Are you all stupid. I said i can provide my kids without any financial support from men. He can stay home, if he wants but men like you is useless and nothing but a sperm bank
@kim45456 Wow--you're making a very convincing case. Where do I sign up for that?
To be honest you both are like 40. I dont understand why i care what old men think about women decisions
Such a good good girl!
That's a good girl!
Those guys sound weak. They should have had the balls to change their own last name to something they chose and OWN it before getting married.
Possible, theese cases are rare and I always find them comical. I honestly think its no big deal at the end
I would disown a son who took his wife’s name.
What has that to do with feminism. Why do women have to give up their identity?
Very good girl!
How? If she takes your name, she can give birth to another man kids under your name and you have to pay for them havaha
How can you expect your wife to take your name if you've said elsewhere that you wouldn't be the primary provider? The woman traditionally takes the man's last name because it's the man's household because he's the person financially providing for it. If you don't want to do that, then you lose all justification for the woman to take your last name.
Women just want all benefits and privileges while contributing nothing. Opinions of users don't matter to me.
Besides, I wouldn't get legally married again because I already know it is just a way for her to try to steal from me. If women didn't want to steal from men they would be in favor of changing marriage/divorce laws/rulings. But they aren't because they are thieves.
Well I personally think that no-fault divorce shouldn't exist. But regardless, you don't have a right to expect the woman to take your family-name if you're not the one providing for the family.
@mistixs Then she doesn't have a right to expect the man to defend/protect her either.
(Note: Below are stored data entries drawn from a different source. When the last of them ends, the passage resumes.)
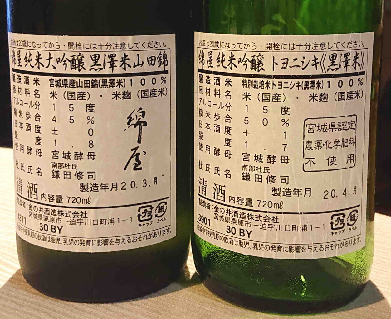 大吟醸と吟醸、磨きは5%しか変わらん。米の品種は違うけど産地も一緒。どんだけ味が変わるんやろうと思うたら、吟醸のほうはふわっと口に入るけど、キリッとした切れ味で、大吟醸のほうがやさしい余韻が漂う。香りもすっきりしてるし、どっちもおいしいことには変わりない。ねーさん様、毎度おおきにですm(._.)m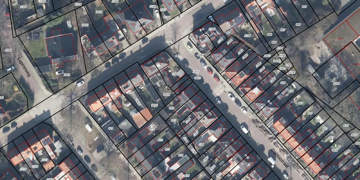 Het perceel waarop Dahliastraat 191-A staat heeft een oppervlakte van 32 m². Dit is een klein perceel. De perceeloppervlakte wordt geregistreerd door het Kadaster. Gedetailleerde informatie over de maten van dit perceel kunt u vinden in het rapport Kadastrale kaart met maatvoering van Dahliastraat 191-A.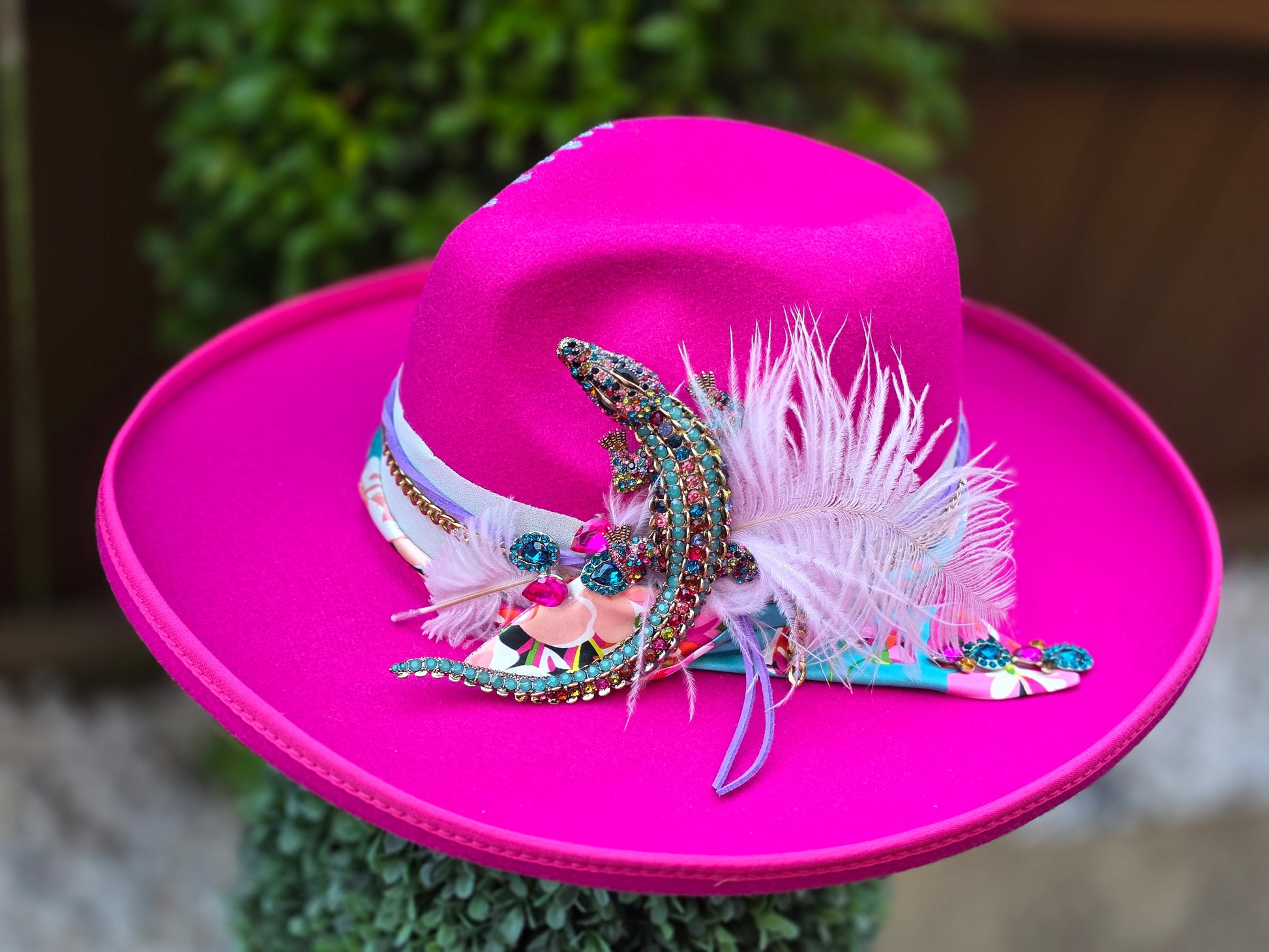 The centerpiece of this unique hat is a handcrafted jeweled lizard, adorned with sparkling rhinestones in turquoise, emerald, sapphire, and ruby. The lizard rests on a vibrant, patterned ribbon featuring intricate floral and abstract designs, while delicate white feathers and additional iridescent jewels with turquoise centers add texture, dimension, and a touch of luxury. Every element is carefully placed, making this fedora a true work of wearable art.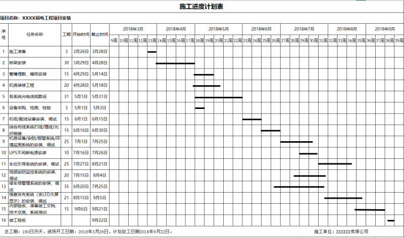弱电智能化停车场施工进度表,专门为智能化停车场制定的施工进度表,方便大家在项目工程时可以直接套用。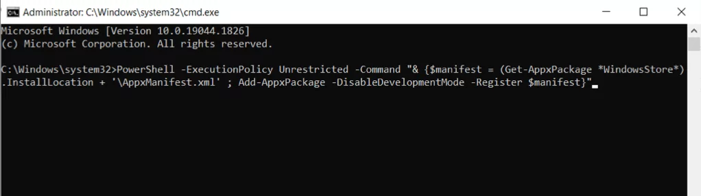 PowerShell -ExecutionPolicy Unrestricted -Command “& {$manifest = (Get-AppxPackage *WindowsStore*).InstallLocation + ‘AppxManifest.xml’ ; Add-AppxPackage -DisableDevelopmentMode -Đăng ký $manifest}”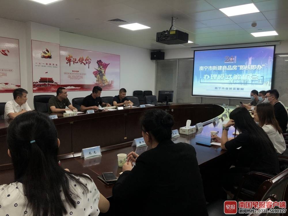 6月7日,在南宁市自然资源局召开新建商品房“即核即办”办理模式解析会上,南国早报客户端记者获悉,南宁市的“即核即办”已实现整个楼盘的“交证等交房”。目前,已经有房地产企业与南宁市不动产登记中心签订协议,市民只要在该公司南宁市本级区域内建设的项目购房,都可以实现“交房即交证”。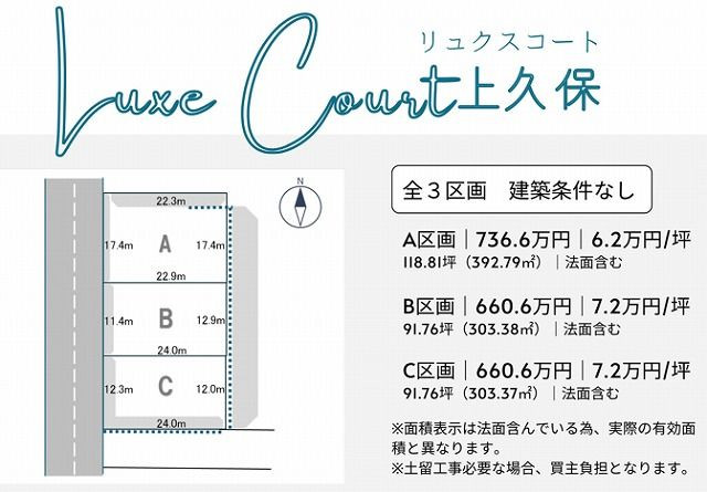 新規土地のご紹介。上久保小学区。 新規分譲地(リュクスコート上久保)のご紹介!建築条件なし。 2026年3月31日まで申し込みの方へ、amazonギフトカード5万円分プレゼント対象となります。 お早めにお問い合せ下さい。✆0176-53-3436 宜しくお願い致します。 記事の更新日:2026/01/07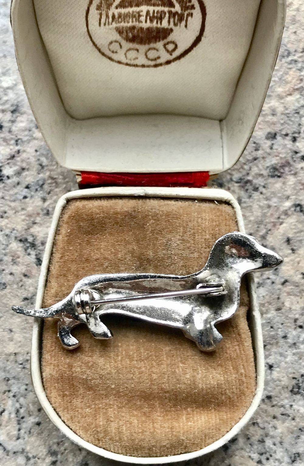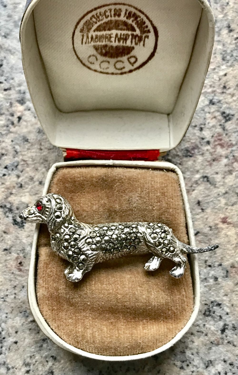 Брошь такса выполнена из металла серебристого тона, вставки марказиты, не хватает 2 шт., в носке не заметно, учтено в цене. Длина таксы 5 см.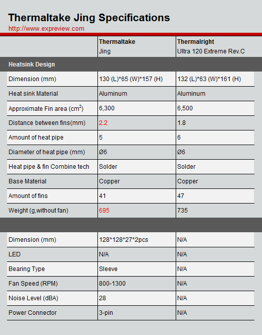 На слайде ниже можно рассмотреть характеристики Jing более подробно, а также освежить в памяти оные у его соперника в сегодняшнем тестировании, продукта от Thermalright - Ultra 120 Extreme Rev.C.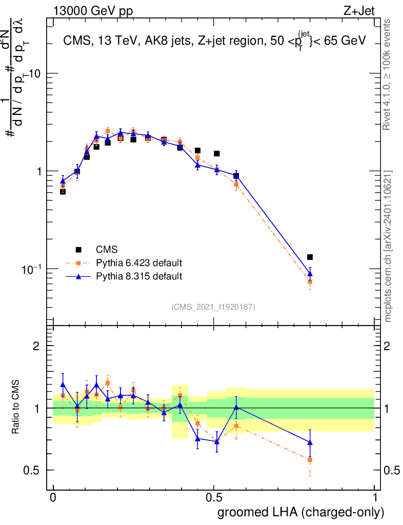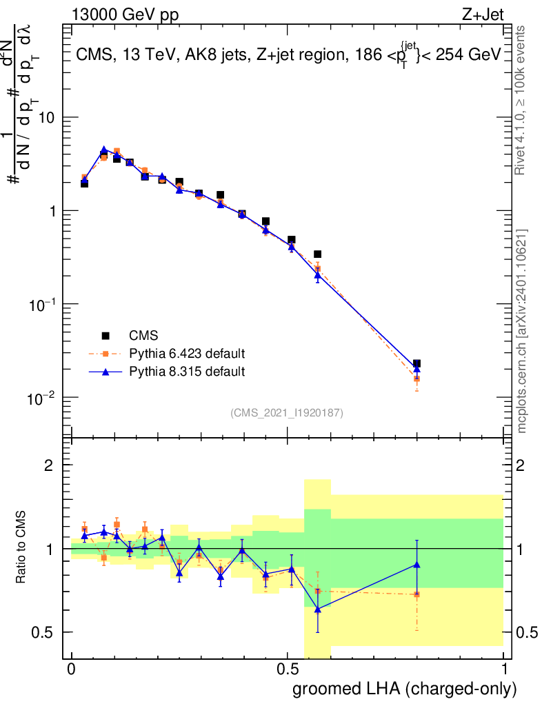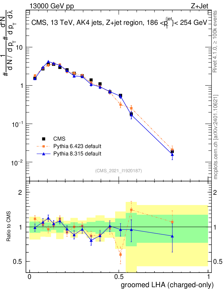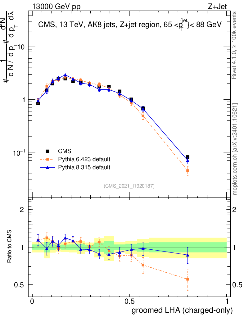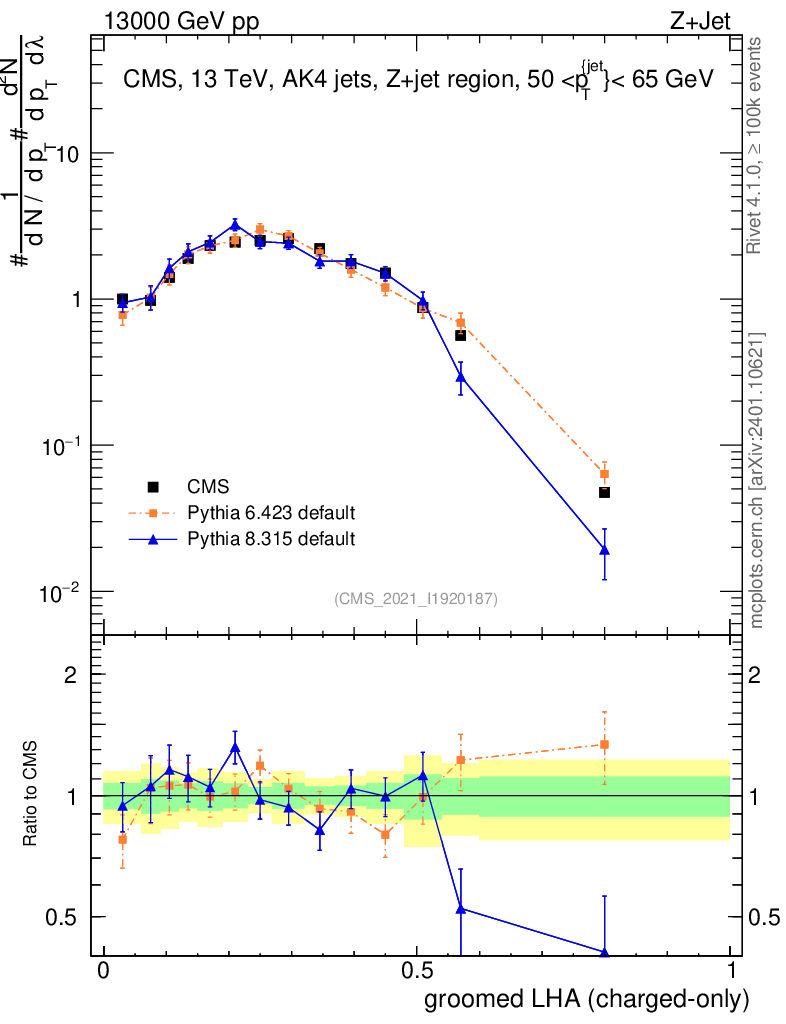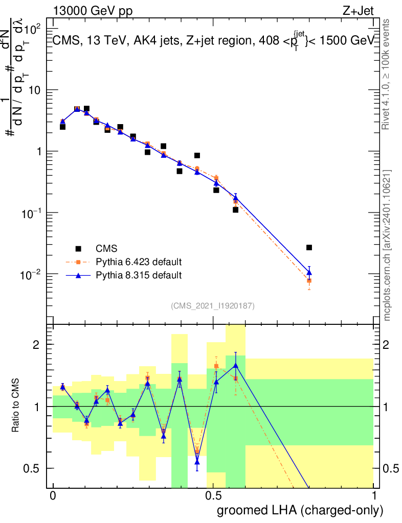 Z+Jet : Generalized angularities : Groomed LHA λ

He should just stand there if someone breaks in the house and watch her get beaten or whatever else happens to her. lol
Yeah because it's not like people in general have a moral responsibility to protect other people from physical harm, regardless of whether it's your wife or anyone else. /sarcasm
@mistixs If there is a moral responsibility to protect others then why don't more women protect en from legally getting screwed over in divorce and with child rights?